The SI provides the database platform to maintain and to process the schedules and the facilities to provide the interface with the MPs. The main modules of the SI are described below:

Bidding & Schedule Management: This module analyzes the incoming schedules, performs two phases of validation, and informs the MPs of any errors that are found. In the first validation phase, schedules are checked for syntax. In the second phase, they are checked for inter-related data such as consistency, balance, etc. Once schedules are evaluated, the MPs are informed of the acceptance of the schedules. In cases where the initial schedules are adjusted by the ISO, the MPs are informed of such adjustments. The module, through the use of Java Applets, will also inform the MPs of various market events such as the opening and closing of markets and approaching deadliness.

Market Information Publishing: This module publishes the market information to the market participants. Information such as forecasted loads, generator meter multipliers, forecasted congestion conditions, forecasted loop flows are made available to the market participants.

3 Scheduling Applications (SA)

The Scheduling Applications constitute the decision support system of the ISO. The main modules of the SA are:

Ancillary Service Scheduling & Pricing: This module analyses the submitted schedules and forecasted conditions and determines the required levels of ancillary services of each type. The module will then select the most economical set of ancillary services from the submitted A/S bids to satisfy the requirements. In cases where there are congestion, the module will treat each congestion zone separately. Currently the system is being modified to allow the trade of A/S among the SCs.

Congestion Management & Pricing: The ISO service area is currently divided into four major congestion zones. External parts of the system are also identified as congestion zones. In all, there are 23 congestion zones defined in the California ISO service area. A two step process is used to mitigate congestion. Inter-Zone congestion management process is concerned with congestion between major congestion zones. A DC Optimal Power Flow-based method is used to adjust the submitted schedules to remove flow limit violations on the interfaces connecting the congestion zones. The function calculates the incremental prices for each bus of each zone and then calculates the average of the bus prices in each zone to arrive at the zonal marginal prices. The difference between marginal prices of two connecting zones is the transmission usage charge for transferring energy on the connecting path.

Intra-Zone congestion management, on the other hand, is concerned with congestion within each zone. An AC Optimal Power Flow-based solution method is used to adjust schedules to ensure that branch flow limits and bus voltage limits are respected. During the Intra-zonal congestion management process, the terminal conditions at the boundaries of the congestion zone are fixed at the values calculated by the Inter-zonal congestion management process.

In both Inter and Intra-zonal congestion management, a set of so-called “market separation constraints” are enforced. The market separation constraints ensure that the balance of the SC’s portfolios is maintained during the schedule adjustment process [2,3].

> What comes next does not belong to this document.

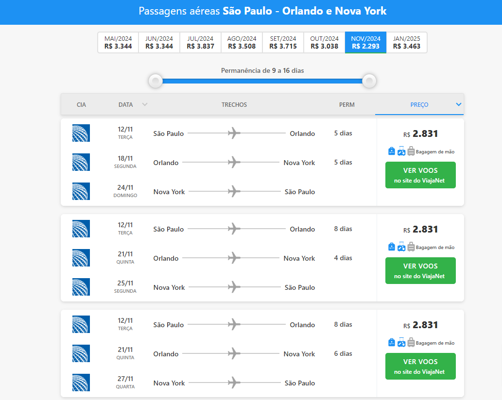 Repita o procedimento para a Saída de NYC e vá anotando as melhores Tarifas.
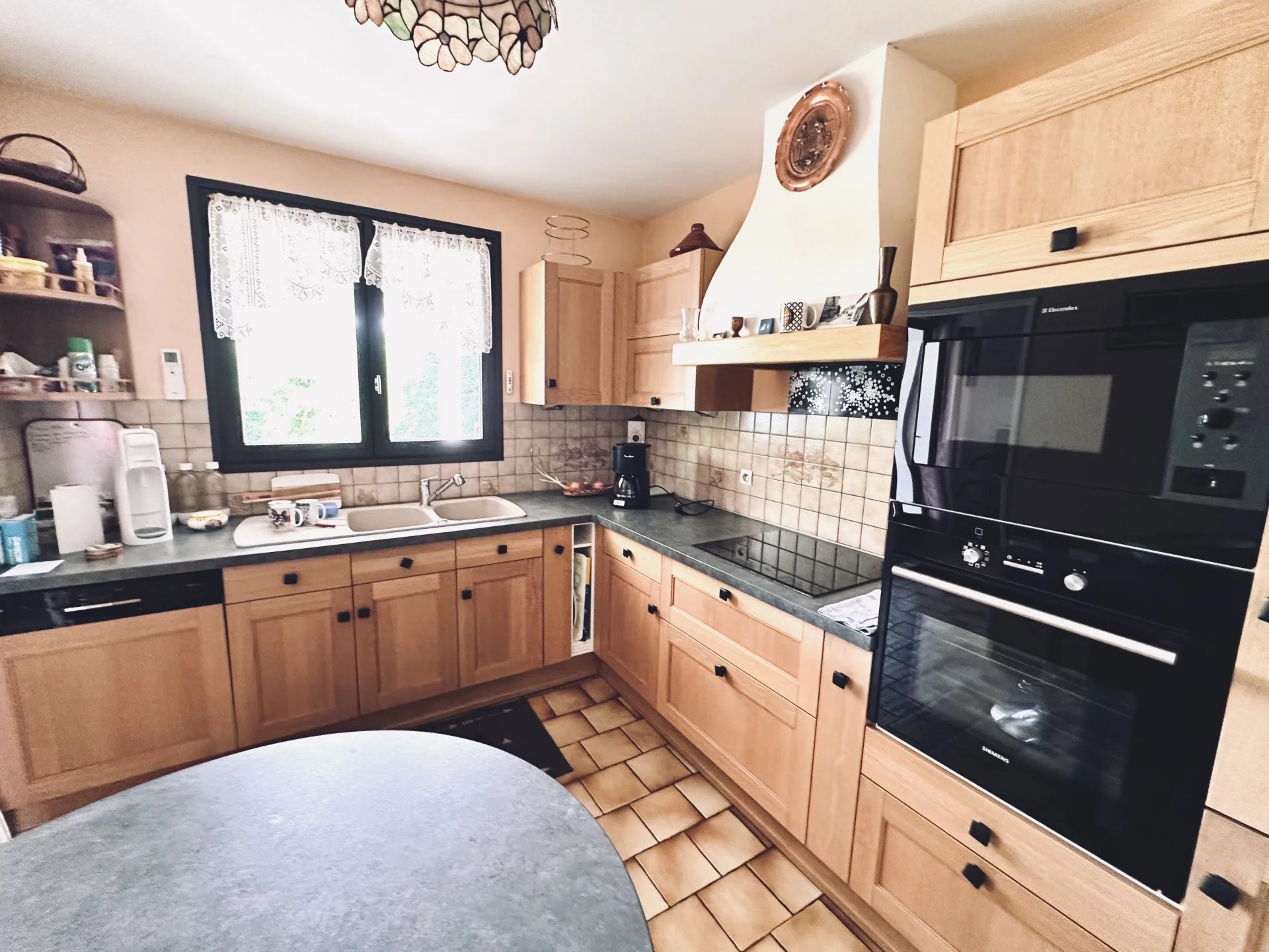 Elle se compose d'une cuisine séparée qui peut s'ouvrir sur la salon séjour, 4 chambres, une salle d'eau et un WC. Buanderie et garage.

Over-Generation Mitigation: In the initial design of the SA, a process to deal with situations where there existed excess generation in the system was envisioned. The function of the Over-generation Mitigation function was to back down generation in a pre-defined priority order, in order to provide balance between load and generation. However, this provision was eliminated by the FERC from the filing that was approved in October of 1997 and the function was disabled in the ISO.

Balancing Energy & Ex-Post Pricing: The objective of this module is to schedule resources to meet real-time imbalances between actual and scheduled load and generation. The resources include spinning, non-spinning, and replacement reserves arranged in the day-ahead and hour-ahead markets and supplemental energy bids. The module orders and selects resources according to prices to meet energy imbalances. This module interfaces with the on-line Automatic Generation Control function to communicate the real-time dispatch instructions to generating units that have provided spinning, non-spinning, and replacement reserves as well as supplemental energy bids.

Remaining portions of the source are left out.